The bad news is that even if it was, you wouldn't be able to see it because of the consolidated pneumonia and pulmonary effusion ("50% of hemithorax"). My specialist's comment was "People with chest X-rays like that are usually already in hospital". Oh, and "It's getting better, but you're taking a week off".
Well, this puts the old thumb into perspective.
I appear to have a fractured rib. And it hurts. I've raided the pharmacy for anything with codeine in it and am trying not to overdose.
If I can find somewhere comfortable to sit and type I might post some of the things I've been meaning to talk about for months. But then again my brain might turn into Swiss cheese and I won't be able to think at all.
The thing about the opposable thumb is that you do not notice it until it does not function correctly. You can achieve this effect by breaking a glass pasteur and shoving the jagged end into the end of the opposable thumb, and spending the rest of the day (and the next, so far) with a whopping great field dressing on it.
Have you any idea how difficult it is to wind or use a Gilson with a non-functional dominant thumb? Or how tacky red smears look on a white keyboard? The only good thing is that I had already Hibiscrubbed my hands and sprayed them with 70% ethanol and the hood was sterile, so I should not be too worried about infection.

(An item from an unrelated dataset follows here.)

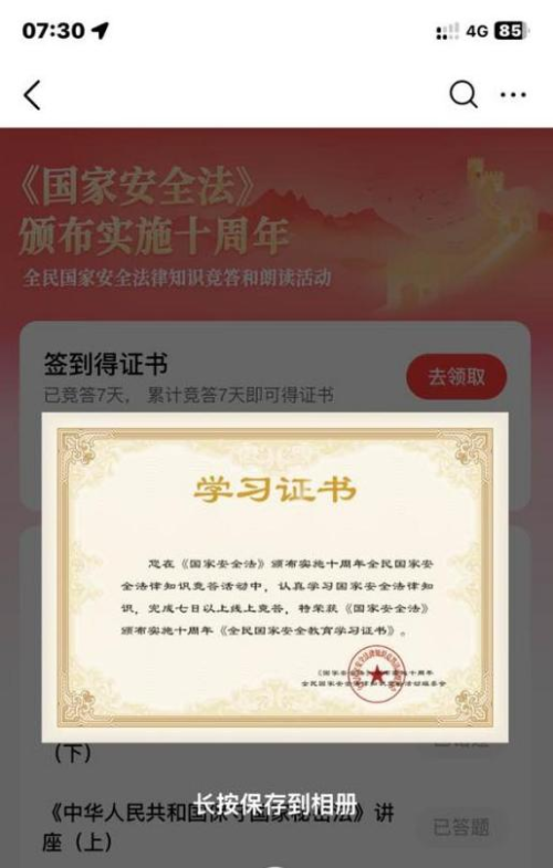 以考促学:开展“保密观”、“中国普法”微信公众号国家安全知识竞答,重点考核日常工作和生活中的保密要求、涉密突发事件应对流程等内容,新入职员工小陈感慨:“原来日常生活中许多事,也关乎国家安全,今后我将更加注意保密防范!”
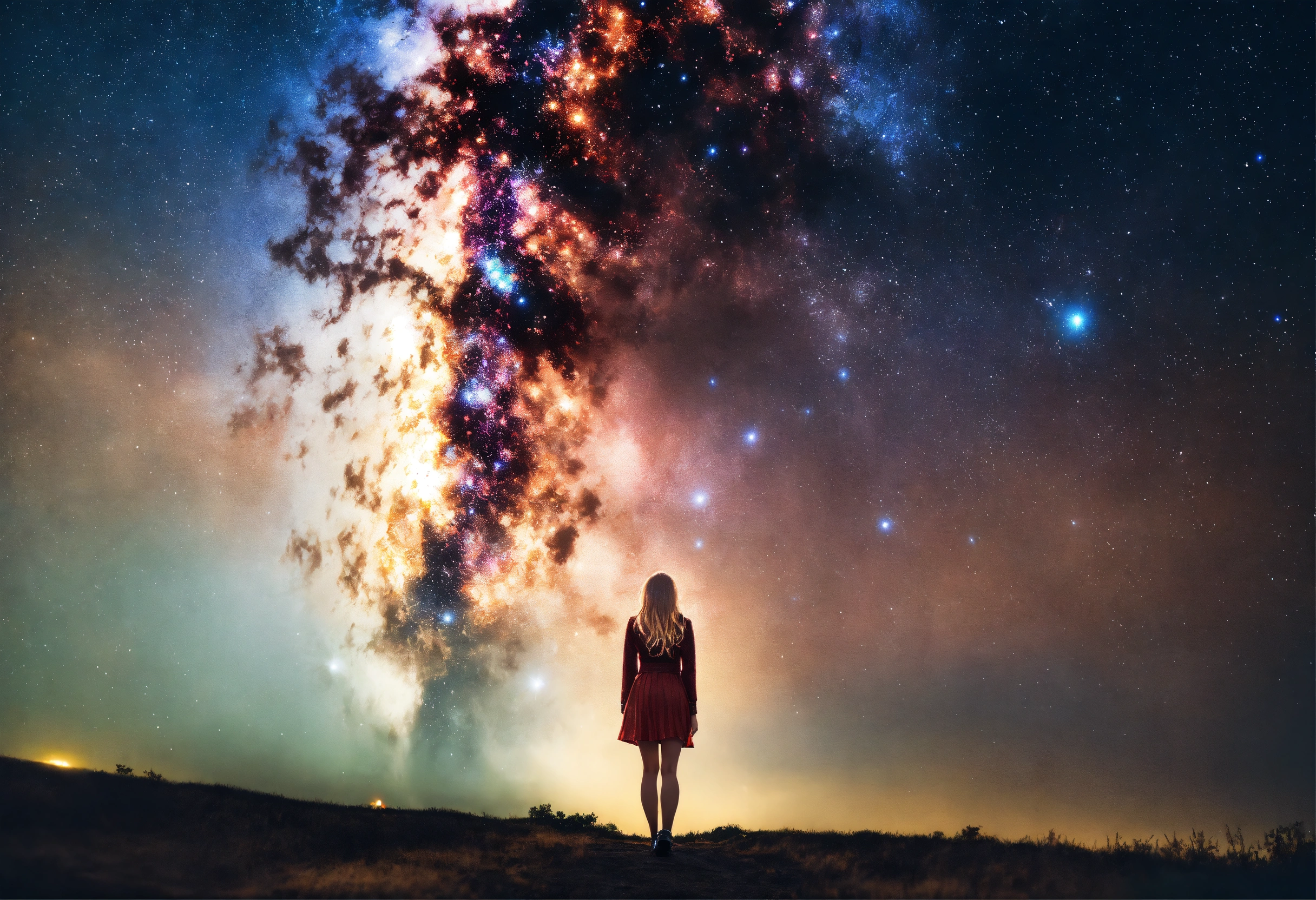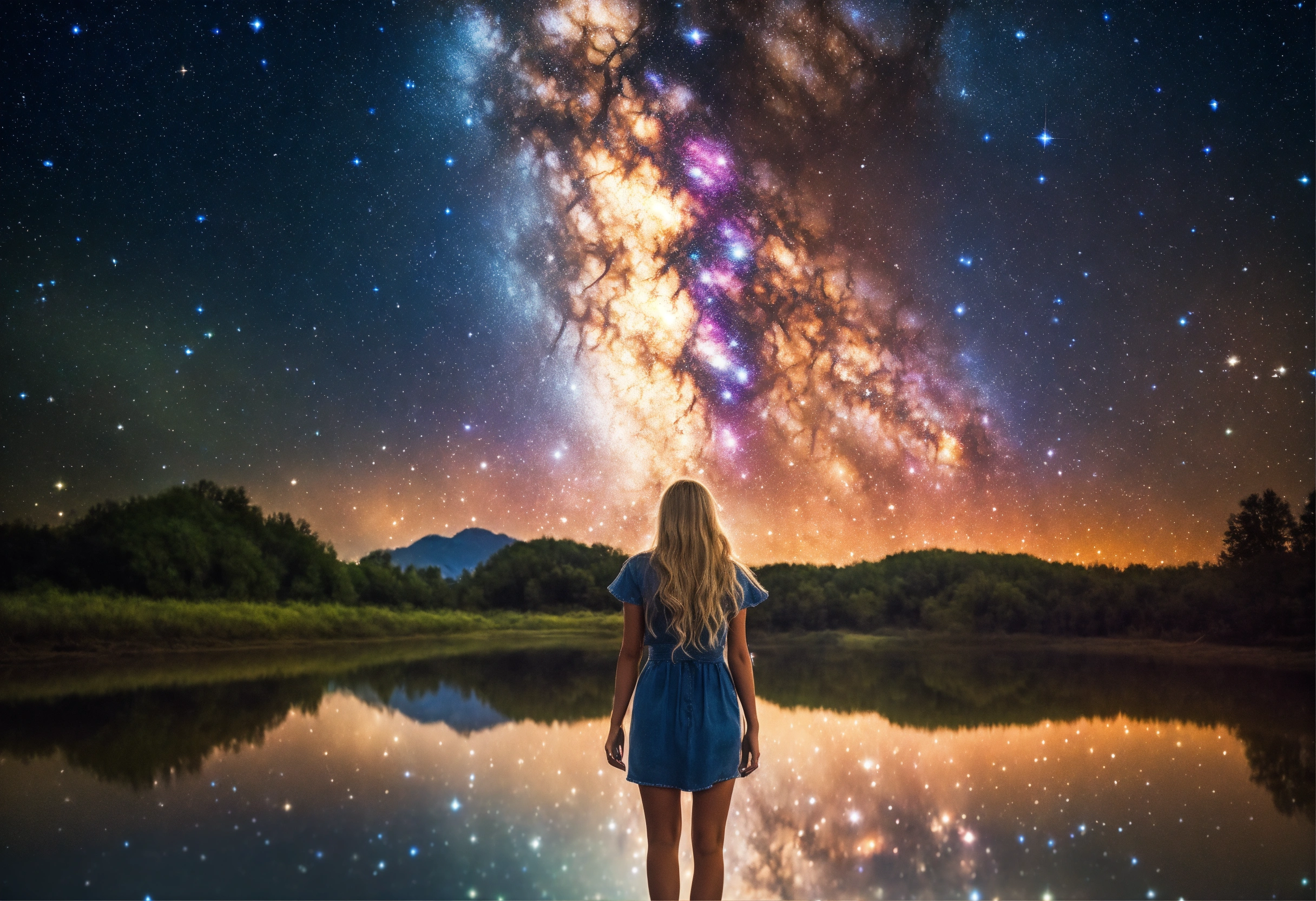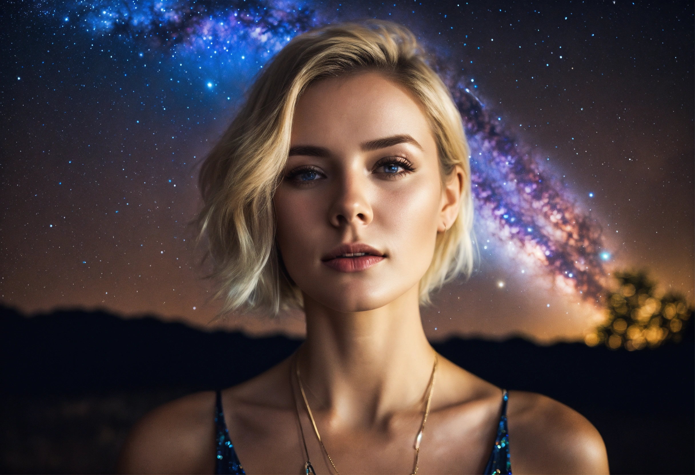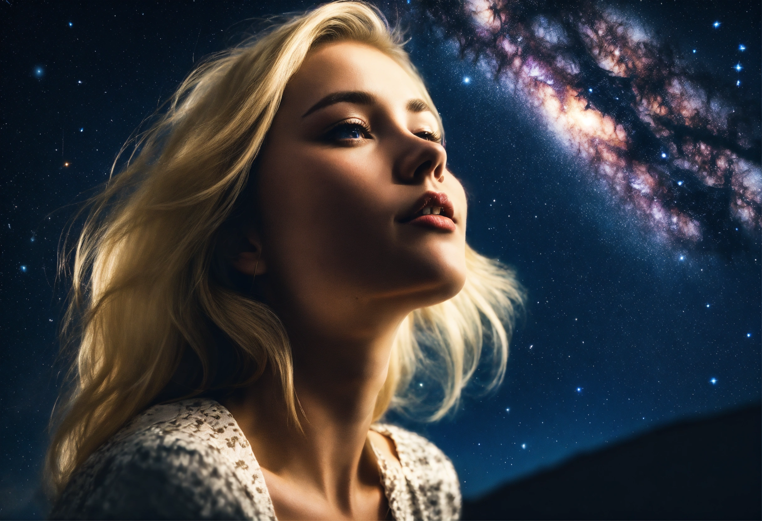 Picture of a blonde woman standing under the galaxy with the stars falling on her with a bright light shining above her

We do not deal well with grief.
Hysterical women of Middle-Eastern origin can be seen on news bulletins, throwing their hands in the air and dignity to the wind. In the (political) 'West' we are expected to grieve in private, to take time off for the funeral and affairs of estate, then back to work, to bury ourselves rather than the deceased. Our friends and colleagues are embarrassed. They do not know how to cope with our grief, they do know not if we want an arm around the shoulder or someone just to cry with.

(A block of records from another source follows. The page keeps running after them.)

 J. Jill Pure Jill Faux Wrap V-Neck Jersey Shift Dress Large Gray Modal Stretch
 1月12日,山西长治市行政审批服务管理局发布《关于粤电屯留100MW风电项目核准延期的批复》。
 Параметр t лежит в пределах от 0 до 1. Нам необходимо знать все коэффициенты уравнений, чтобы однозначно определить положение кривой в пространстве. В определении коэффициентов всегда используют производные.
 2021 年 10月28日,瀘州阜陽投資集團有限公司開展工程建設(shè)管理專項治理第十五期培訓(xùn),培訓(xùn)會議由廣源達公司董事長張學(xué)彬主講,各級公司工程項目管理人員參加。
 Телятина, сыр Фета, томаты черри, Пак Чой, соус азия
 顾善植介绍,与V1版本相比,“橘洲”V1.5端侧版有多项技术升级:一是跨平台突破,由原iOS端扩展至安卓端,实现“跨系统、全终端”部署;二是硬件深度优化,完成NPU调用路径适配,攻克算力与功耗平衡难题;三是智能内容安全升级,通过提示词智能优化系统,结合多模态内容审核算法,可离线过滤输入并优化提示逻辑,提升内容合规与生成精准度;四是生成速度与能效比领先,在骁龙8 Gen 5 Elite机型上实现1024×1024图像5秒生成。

And in the relentless, cutting world we, especially we scientists, inhabit any extra sick or vacation time is weakness; 'You have had your compassionate leave - what is your problem?' Worse, maybe; 'Do the experiment! Write the paper! The French/italians/British/Americans are coming!'.

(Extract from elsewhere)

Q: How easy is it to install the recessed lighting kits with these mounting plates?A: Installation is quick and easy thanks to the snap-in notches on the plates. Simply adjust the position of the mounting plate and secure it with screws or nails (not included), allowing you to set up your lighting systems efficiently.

It's not just bereavement. A spousal argument in the morning can destroy a day's work. Rushing to get back to pick up the children will cause mistakes that if you are lucky you will notice there and then and note in your lab book so that the next day when you look at the PCR gel you do not have to ask, 'what the hell happened there?'.
It might be great science, but it's ruining me as a human being.
Talking of hugs, Alethea could probably do with some TLC. Failing that, leave supportive comments.
The most effective countermeasure against zombie outbreaks has previously been shown to be aerial bombardment. Troops on the ground are not favoured because they are ineffective at the dismemberment – a prerequisite for zombie inactivation. However, carefully targeted high explosives successfully achieve this. A regrettable corollary is collateral damage, as nearby human life is inevitably destroyed. However, these innocent bystanders would, in the absence of intervention, would likely have become zombies – and a threat to their neighbours. This contingency is introduced into the model as a ‘user-directed interaction’ which destroys humans and zombies, making them functionally equivalent: in other words, non-infectious.
The elder pawn (hmm, that sounds vaguely Lovecraftian) wanted to take her bicycle into school today. Turns out they're doing a project on machines. She asked if I had ever taken the back off a washing machine and when I said I had, she said
'Wow! What did it look like?'
I told her why I had taken the machine apart (to find out how it worked so that I could mend it) and from there went on to say actually, that's what I do at work. No, not mend washing machines — I take things apart to see how they work. I did not use the phrase 'the very fabric of Life' (I was tempted; that kind of thing does not faze nine year olds as much as you might think) but we did have an interesting discussion about dissection and atom bombs and all sorts of groovy stuff.